■ What to produce ■
Set down every line of the data exactly, skipping the pictures.

■ Supplied information ■
- Opening Delimiter -

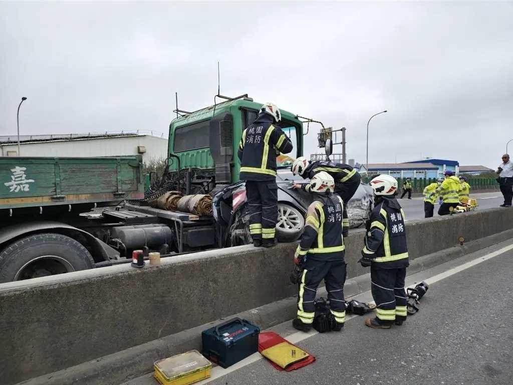 根據《ETtoday新聞雲》報導,台61線桃園觀音路段昨日發生致命交通事故,一名52歲曹姓女子駕車行經南下34公里處時,因不明原因將車輛停放于路肩,隨後遭一輛聯結車從後方高速撞擊。轎車當場被擠壓變形,右側騰空卡在中央護欄上,右前輪甚至被撞飛,整輛車幾乎半毀。
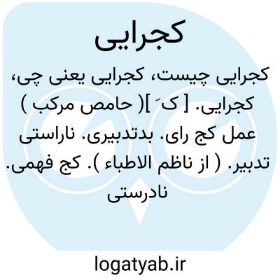 کجرایی. [ ک َ ]( حامص مرکب ) عمل کج رای. بدتدبیری. ناراستی تدبیر. ( از ناظم الاطباء ). کج فهمی. نادرستی در اندیشه و تدبیر. ( از فرهنگ فارسی معین ). کج اندیشی. ناصواب اندیشی.
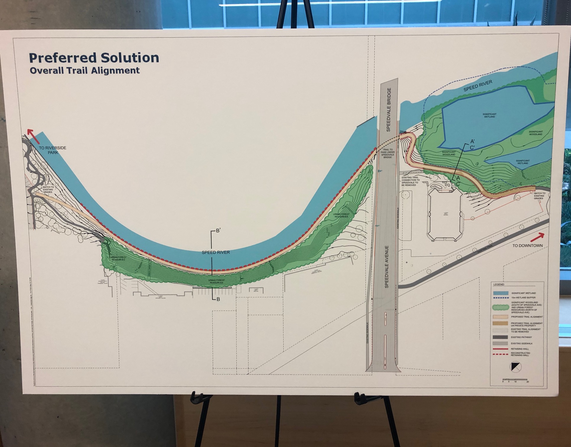 About 50 residents who showed up for the meeting had the opportunity to ask if other options had been considered, such as a boardwalk or going up the other side of the river.
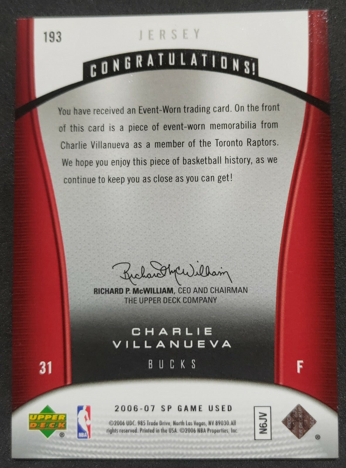 NBA - 2006-07 SP Game Used Charlie Villanueva Patch Card. Card is in NM condition, however, please use photos to...

- Closing Delimiter -

■ Completed task ■
 根據《ETtoday新聞雲》報導,台61線桃園觀音路段昨日發生致命交通事故,一名52歲曹姓女子駕車行經南下34公里處時,因不明原因將車輛停放于路肩,隨後遭一輛聯結車從後方高速撞擊。轎車當場被擠壓變形,右側騰空卡在中央護欄上,右前輪甚至被撞飛,整輛車幾乎半毀。
 کجرایی. [ ک َ ]( حامص مرکب ) عمل کج رای. بدتدبیری. ناراستی تدبیر. ( از ناظم الاطباء ). کج فهمی. نادرستی در اندیشه و تدبیر. ( از فرهنگ فارسی معین ). کج اندیشی. ناصواب اندیشی.
 About 50 residents who showed up for the meeting had the opportunity to ask if other options had been considered, such as a boardwalk or going up the other side of the river.
 NBA - 2006-07 SP Game Used Charlie Villanueva Patch Card. Card is in NM condition, however, please use photos to...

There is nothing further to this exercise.